GIANNI MAROCCOLO, A.C.A.U. La nostra meraviglia (Black Out / Universal, 2004)

Solo leggendo il cast, chi ascolta rischi di impressionarsi. Mi sarei aspettato anche altri nomi, però, qualcuno che abbia fatto parte del Consorzio (Mara Redeghieri dei miei adorati Üstmamò, Marco Parente, i dissolti estAsia, tanto per fare alcuni nomi): la loro assenza dice molto più del voluto su quanto la grande famiglia dell’asse Reggio Emilia – Firenze sia crollata rovinosamente.

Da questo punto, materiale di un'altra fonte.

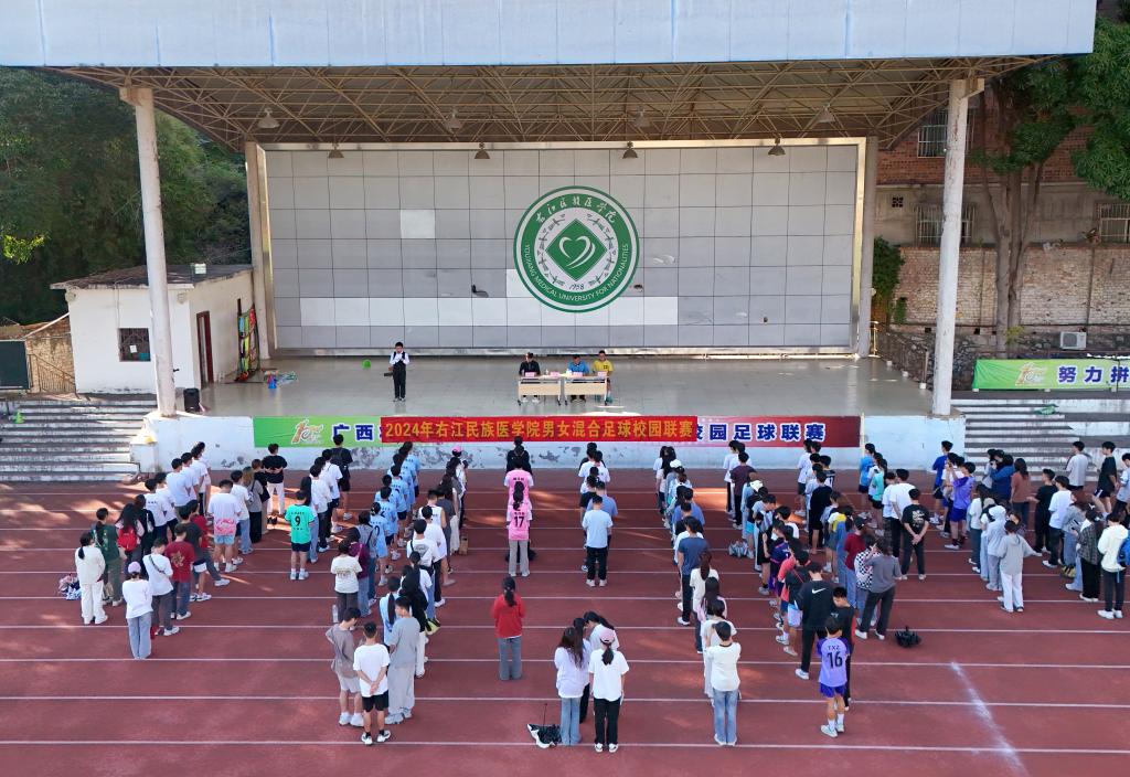 11月10日,鸭脖在百城校区足球场举行2024校园男女混合足球校园联赛开幕式
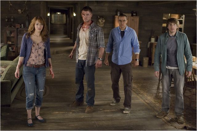 Le scénario de ce film veut se jouer des codes en mélangeant allègrement tout ce qui fait le cinéma horrifique depuis des années. Le synopsis est assez simple, on a cinq jeunes qui partent en vacances dans le chalet du cousin de l’un d’entre eux. Dans le lot, on a le fumeur de pétards, la blonde facile, le sportif, l’intello et la jolie fille pucelle. Tout ce groupe se retrouve dans une cabane au fond des bois, dans un lieu complètement isolé. Mais nous, spectateur, nous voyons aussi que des gens surveillent étroitement le groupe et mettent des paris sur la survie de ces gens. C’est alors que la cabane va être la proie à une attaque de zombies pour ensuite aller encore plus loin. Alors je ne vais pas raconter la suite, ce serait stupide pour ceux qui veulent voir le métrage, mais il faut savoir que le but du réalisateur et du scénariste, c’est de perdre le spectateur pour essayer bien maladroitement de le surprendre. Les références sont multiples et le concept en lui-même est assez intéressant. Mais voilà, on ne peut pas faire un film en empruntant tout ce qui a déjà été fait ailleurs, car on s’ennuie, et on sait souvent à quoi s’attendre malgré la surprise promise. Et puis, quand on détourne quelque chose, on oscille entre deux genres, ou on reste à fond dans l’horreur et on essaye de faire peur, ou alors on va directement dans la parodie et on fait un Scary Movie.
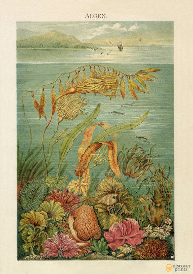 Next time you’re wading in the North Atlantic ocean, trying to force blood into your numb lower extremities, just think of the antique botanical art print of these friendly technicolor seaweeds before screeching not-unlike a preteen ballerina at your sheer terror at the touch of a gentle, slimy tentacle wrapping around your ankle.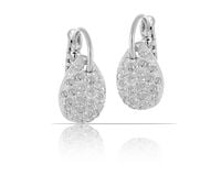 Posrebrzane kolczyki w kształcie kropli, bogato zdobione kryształkami Preciosa.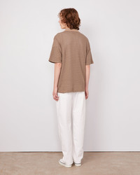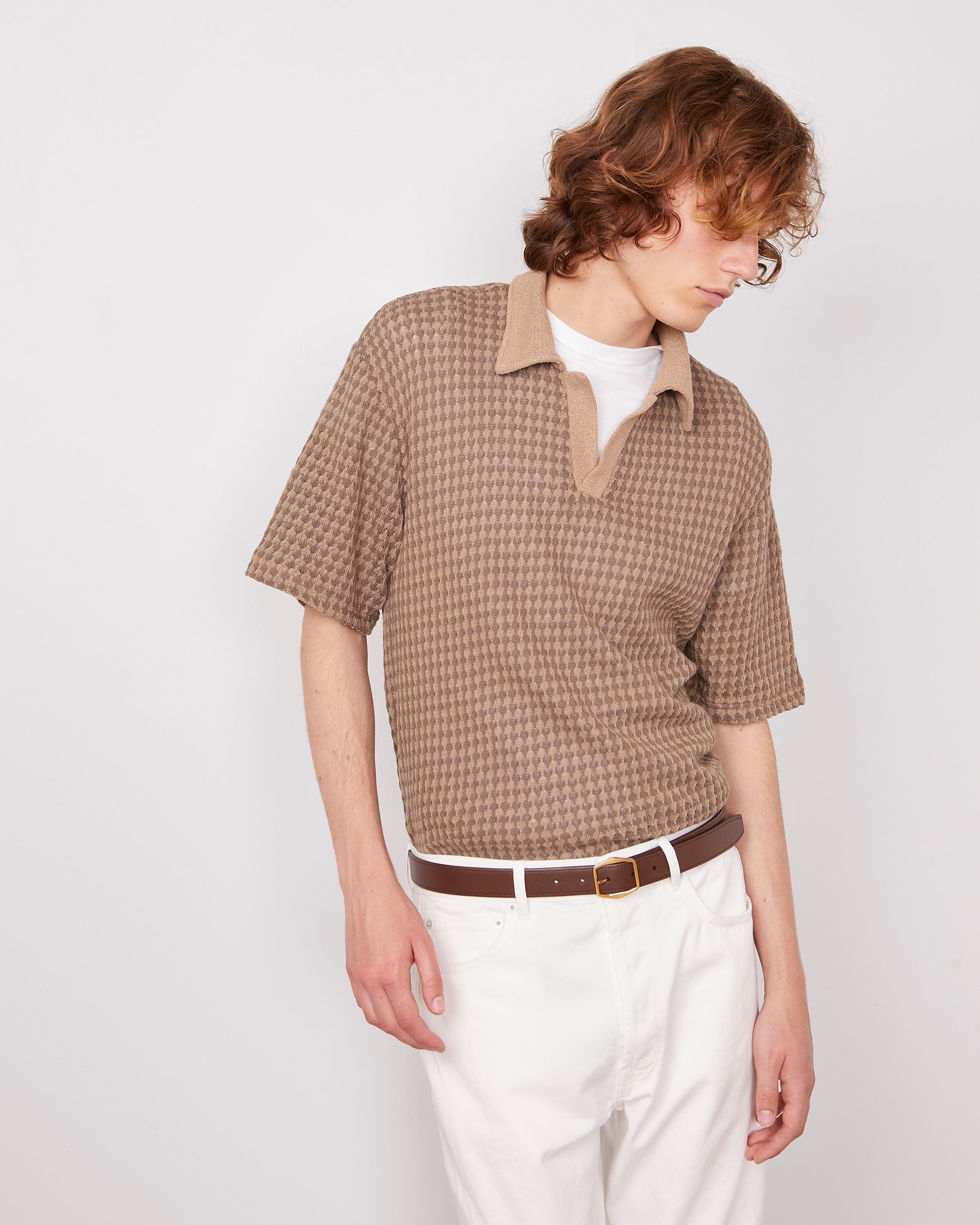 Short-sleeves with Johnny collar. Straight bottom with side slits. Oversize fit. Textured cotton jersey. - 100% Cotton - Short sleeves - Johnny collar - Straight bottom with side slits - Oversized fit - Textured cotton jersey - Machine washable with similar colors, 30°. - Made in Portugal This product sizes normally, we advise you to take your usual size. Our model measures 1m86 and wears a size S. Exists in sizes XS to XXL. REF: S25MTEE221

Cos’è “A.C.A.U.”, allora? Solo una parata di nomi, tutti ad omaggiare uno dei cuori pulsanti del nostro rock? Non esattamente: album multisolista, creato in riva al mare e ispirato dalle onde, presentato al pubblico con metodi innovativi per l’Italia (conferenza stampa in webcast e pochi concerti con ospiti in qualche teatro), con giornalisti e pubblico a benedire l’operazione. Il tutto, sembrerebbe, senza che nessuno abbia ascoltato correttamente il disco, che è troppo lungo e, in alcuni punti, decisamente noioso. “A.C.A.U.” deve molto a Hector Zazou, e si sente: suoni rarefatti, ritmicamente poco sostenuti, che tendono a scomparire dietro alle numerose voci senza riuscire a valorizzarle appieno; un disco che evita il rischio di suonare disomogeneo per i troppi ospiti coinvolti e che cade nella trappola opposta, quella di aver uniformato quasi tutto, con poche canzoni che spiccano dal lotto.

“Night and storms”, ad esempio (non tanto per merito di Battiato, ma grazie allo strepitoso finale di contrabbasso e del pianoforte riconoscibilissimo di Francesco Magnelli); l’inquieto recitato su derive psycho-western di “Deriva finita” (ecco un buono spunto per i prossimi Marlene Kuntz, dopo le recenti magre) e i contributi di due voci femminili tecnicamente perfette ed emozionanti: la “Meloria’s ballade” di Cristina Donà, alle prese con un fraseggio vocale complesso e indelebile, ed “Elianto” di Ginevra Di Marco, puro balsamo per il cuore.

Gli altri? Se consideriamo gli standard a cui ci hanno abituato, molto meglio fanno Pelù o Jovanotti rispetto a un incolore Manuel Agnelli, o ad un fiacco Raiz, o ad una già sentita Fiamma; non male Carmen Consoli (“Carezza d’autunno” potrebbe essere benissimo una sua canzone) né Chimenti o Fiumani, alle prese con brani che non li valorizzano appieno. La loro meraviglia, in definitiva, non coincide con la mia. Ed è un vero peccato.